Socialism is no laughing matter
David Horowitz discusses Martin Amis' new book, "Koba the Dread: Laughter and the Twenty Million" and laments the "destructive romance of the intellectuals." A must read column. Excerpt:
Deutscher, Lenin, Trotsky and Marx all staked their claims on the belief that socialism would produce abundance and freedom. A terrible history has shown us irrefutably that it doesn’t. Socialism is really a theory of economic theft and what it produces is poverty. Socialist systems are unable to even keep pace with the technological development necessary to sustain a modern economy. Moreover, they are fundamentally incompatible with human liberty.None of these four revolutionaries still admired by the left had a clue about the critical importance of private property in making political liberty possible. Equally telling, none of them understood the necessity of a capitalist economy to technological progress or to economic well-being. In the last half of the 20th Century, vast masses of humanity -- hundreds of millions in fact -- were lifted out of subsistence poverty in those countries that protected and supported private property and free markets. This liberation of poor people into lives of relative dignity and modest luxury by capitalist economics represents a revolution unprecedented in the 5,000-year history of human societies.






















2 Comments
I have just read Koba the Dread in one evening! It's a very enjoyable, if odd, and stimulating book. One caveat, however: American readers who, a la Horowitz, expect to see Communism denounced for its economic illiberalism will be disappointed. Amis primarily criticizes Communism for its civic and political oppressions. As a good European leftist, unalligned politically except for a loose tendency to vote for Labor, he is set apart from the economic liberalism that constitutes such an important part of American conservatism. On the contrarcy, Amis--in so far as he thinks about these things at all--probably favors a good deal of government management of the economy.

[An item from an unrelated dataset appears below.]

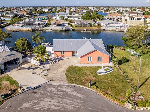 Waterfront Opportunity - Ready for Your Finishing Touches! Located on a quiet cul-de-sac with direct Gulf access, this 2-bedroom, 2-bathroom home with a 2-car garage is a boater's dream. Enjoy the convenience of a boatlift large enough for a pontoon boat, a floating dock, a davit, and a concrete seawall—perfect for waterfront living! The home has been refreshed, with new drywall, new electrical outlets, and fresh interior paint, providing a solid foundation for the next owner to add their personal style. The major components are already in place, including a new water heater, newer windows, and a durable metal roof installed in 2020. Lights and ceiling fans are installed, while the open layout invites you to purchase cabinets, fixtures, doors, and trim to match your vision. Some flooring and countertops are on site. Step outside to a screened and covered lanai spanning the full length of the home, complete with a doggie door leading to a fenced yard—a perfect retreat for relaxing and entertaining. The exterior was painted in 2020, and the attic offers decked, stand-up storage space for added convenience. This is an incredible opportunity to create your dream coastal home in a prime waterfront location. Close by you'll find restaurants, a marina and nature trails in the Weeki Wachee preserve. Don't miss out on this blank canvas ready for your finishing touches!

I have one suggestion for you guys, the best way to understand socialism is to actually read lennin's and marx's works. the idea was wonderful and workable. the problem was that it went into hands of several idiots who misunderstood it. and crushed the sistem. reading somebodies book is not the way to understand it, neither right is comparing socialism to capitalism. "liberation of poor people" ? -you are wrong. it is not a right term. liberation of people to defeat the poverty was the main idea. unfortunately the poor were only people who really wanted it and liberated.